____ LISTED RECORDS

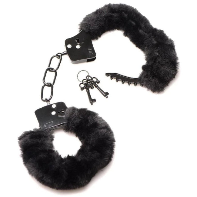 These furry, black cuffs are soft and sensual against your lovers wrists. The strong, metal cuffs inside wont cut into their delicate skin. Instead you have the padding of this faux fur, artificial wool! The cuffs are fully adjustable and close as tight as 4.5" (11.43 cm) and open wide to a 7" (17.78 cm) circumference. Included with the cuffs are 2 keys so you always have a spare!Bring some excitement into the bedroom with this furry handcuff set! Create a scene where you capture your lovely partner and keep them captive so you can act out all your naughty desires. Handcuffed, you can hear them moan and watch them squirm to get free, but they are all yours; vulnerable and exposed and ready to be ravished!
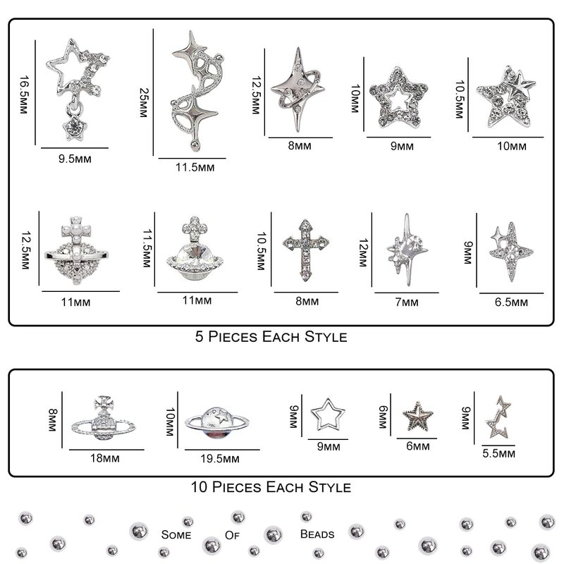 - Y2K Style: You will get 100pcs star series nail charms and dozens of beads in silver color, 15 different styles, metal base with inlaid rhinestones, very shiny and unique. Elevate your nail game with these dazzling nail gems and charms that exude Y2K vibes and a touch of nostalgia.
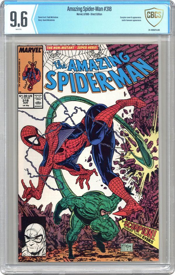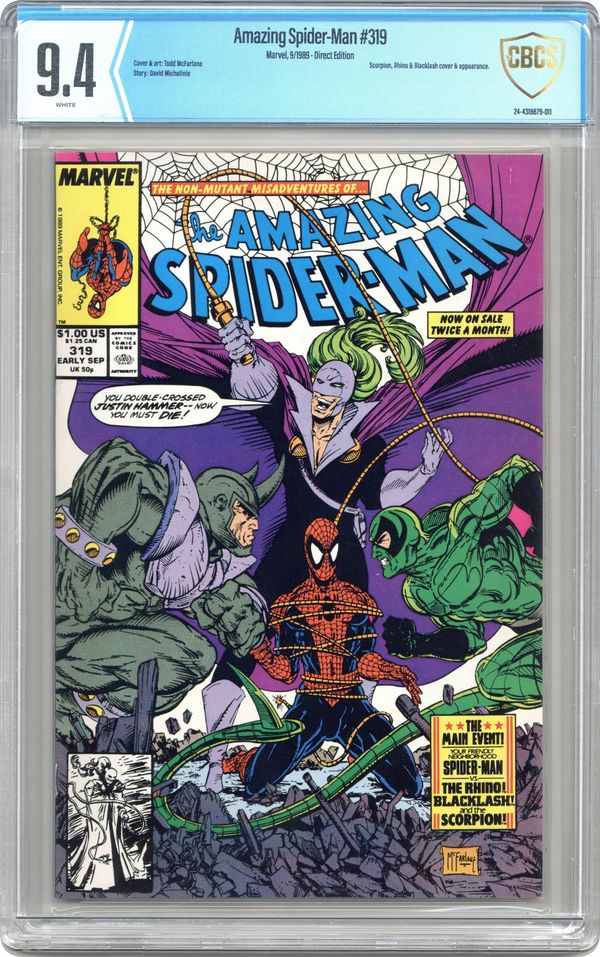 Direct Edition. "Sting Your Partner!" Part 1 of 2. Script by David Michelinie. Art by Todd McFarlane. Cover by Todd McFarlane. With new armament from Justin Hammer, the sinister Scorpion is back in business! But before Mac Gargan can resume his personal agenda, he has to do a job for Mr. Hammer! Fortunately, it's a fairly simple one: kidnap an army general from the Brooklyn National Guard Armory and hand him over to Hammer Industries! However, both Lance Bannon and the wondrous wall-crawler are also at the armory taking pictures for the Daily Bugle! When the Scorpion hears the name of the hated J. Jonah Jameson, he decides to go off-script! And he will regret that decision...post-haste! Cameo appearances by Mary Jane Watson, Harry Osborn, and the Chameleon. (Note: The Scorpion previously appeared in Amazing Spider-Man Annual 18.) 36 pages. Cover price $1.00.
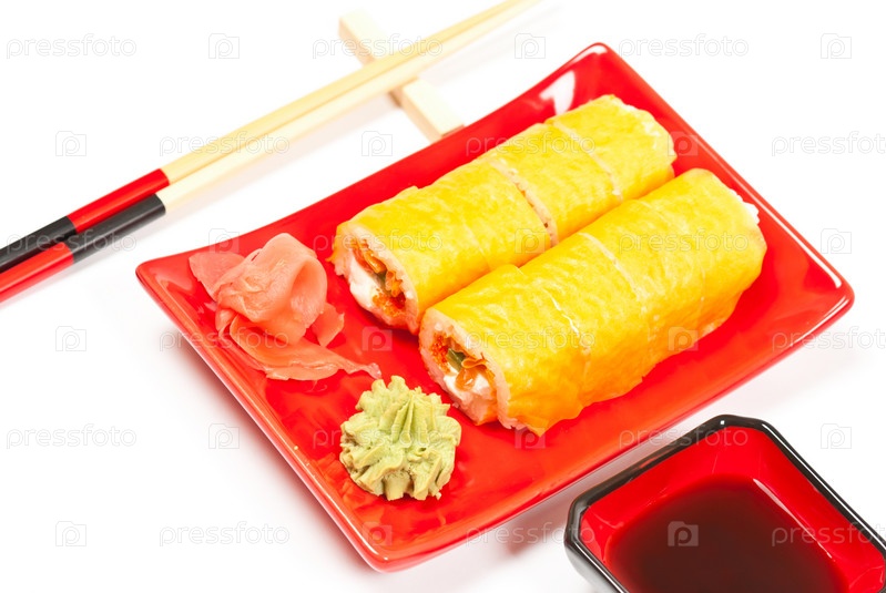 Суши на красной тарелке и палочки для еды
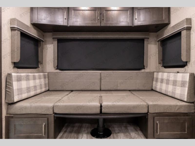 Rear dining floorplan with a spacious U-shaped dinette and panoramic views

________

Could you write out, word for word, the lines from the one containing "Суши на красной тарелке и палочки для еды" through the last line of the records, leaving out the pictures?

_EXERCISE OUTPUT_
 Суши на красной тарелке и палочки для еды
 Rear dining floorplan with a spacious U-shaped dinette and panoramic views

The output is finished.